** The data follows **
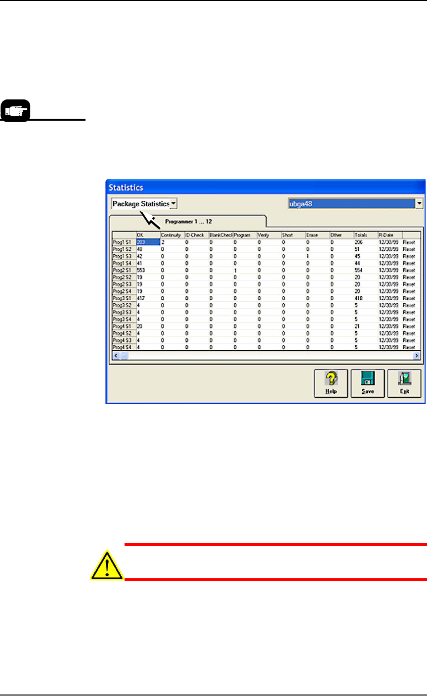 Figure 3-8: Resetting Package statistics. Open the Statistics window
** End of The data **
** The data follows **
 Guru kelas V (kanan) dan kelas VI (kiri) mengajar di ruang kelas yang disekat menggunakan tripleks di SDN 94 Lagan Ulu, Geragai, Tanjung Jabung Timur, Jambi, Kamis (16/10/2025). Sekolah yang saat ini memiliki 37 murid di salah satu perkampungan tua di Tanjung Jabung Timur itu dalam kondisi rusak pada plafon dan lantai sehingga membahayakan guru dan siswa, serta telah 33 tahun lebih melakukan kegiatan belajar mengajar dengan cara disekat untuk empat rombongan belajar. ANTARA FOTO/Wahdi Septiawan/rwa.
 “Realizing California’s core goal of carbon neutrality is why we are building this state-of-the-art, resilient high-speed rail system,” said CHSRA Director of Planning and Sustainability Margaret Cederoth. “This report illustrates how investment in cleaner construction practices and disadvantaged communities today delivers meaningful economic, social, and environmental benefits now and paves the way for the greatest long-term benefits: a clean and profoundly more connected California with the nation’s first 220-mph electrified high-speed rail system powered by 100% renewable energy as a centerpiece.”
** End of The data **
** The data follows **
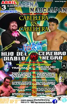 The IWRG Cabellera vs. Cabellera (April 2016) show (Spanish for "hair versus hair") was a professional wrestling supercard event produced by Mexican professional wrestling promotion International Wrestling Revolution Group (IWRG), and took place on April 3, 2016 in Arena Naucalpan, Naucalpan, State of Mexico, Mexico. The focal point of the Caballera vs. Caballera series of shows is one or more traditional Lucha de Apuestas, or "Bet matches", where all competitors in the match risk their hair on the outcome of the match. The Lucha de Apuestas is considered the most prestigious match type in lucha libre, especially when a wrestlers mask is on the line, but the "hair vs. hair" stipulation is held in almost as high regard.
** End of The data **
▸ Exercise goal
What you return must be the lines above that run from the line with "Guru kelas V" to the line with "California’s core goal", inclusive, each copied exactly.

▸ Output
 Guru kelas V (kanan) dan kelas VI (kiri) mengajar di ruang kelas yang disekat menggunakan tripleks di SDN 94 Lagan Ulu, Geragai, Tanjung Jabung Timur, Jambi, Kamis (16/10/2025). Sekolah yang saat ini memiliki 37 murid di salah satu perkampungan tua di Tanjung Jabung Timur itu dalam kondisi rusak pada plafon dan lantai sehingga membahayakan guru dan siswa, serta telah 33 tahun lebih melakukan kegiatan belajar mengajar dengan cara disekat untuk empat rombongan belajar. ANTARA FOTO/Wahdi Septiawan/rwa.
 “Realizing California’s core goal of carbon neutrality is why we are building this state-of-the-art, resilient high-speed rail system,” said CHSRA Director of Planning and Sustainability Margaret Cederoth. “This report illustrates how investment in cleaner construction practices and disadvantaged communities today delivers meaningful economic, social, and environmental benefits now and paves the way for the greatest long-term benefits: a clean and profoundly more connected California with the nation’s first 220-mph electrified high-speed rail system powered by 100% renewable energy as a centerpiece.”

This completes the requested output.